Homojunction Sb2Se3 Solar Cell

Antimony selenide (Sb ₂ Se ₃ ) has emerged as a promising thin-film photovoltaic absorber due to its ideal bandgap (1.1-1.3 eV), high absorption coefficient (>10⁵ cm ^- ¹), and environmentally benign composition. However, Sb ₂ Se ₃ solar cells (SSCs) often suffer from significant open-circuit voltage ( V _OC ) losses, attributed to weak built-in fields and severe non-radiative recombination at interfaces and the absorber layer. Here, we demonstrate a composition‑driven carrier polarity control strategy to form an n-type/p-type Sb ₂ Se ₃ homojunction.
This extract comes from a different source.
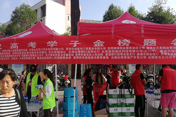 6月7日、8日,昆明市盘龙区龙泉街道盘江社区计生协联合辖区公共单位、爱心企业,发动社区党员、协会会员开展高考“爱心助考”活动。

By precisely tuning the chemical potentials of Se and Sb, we reversibly modulate the conductivity type, achieving carrier densities exceeding 10 ¹⁴  cm ^- ³ for the n- and p-type states, with Hall coefficients ranging from −3.14×10 ^- ² m³ C ^- ¹ (n-type) and +9.51×10 ^- ² m³ C ^- ¹ (p-type). More importantly, we incorporate a homojunction structure into the planar SSC, which simultaneously enhances the built-in electric field and passivates deep-level defects. These synergistic effects promote carrier separation, reduce non-radiative recombination, and accelerate carrier extraction. As a result, the study demonstrates a record power conversion efficiency of 10.15% for thermally evaporated Sb ₂ Se ₃ devices, along with the lowest open-circuit voltage deficit (0.459 V) among all reported SSCs. This work not only establishes a new efficiency benchmark for Sb ₂ Se ₃ solar cells but also offers a universal approach for defect management and junction design in emerging chalcogenide photovoltaics.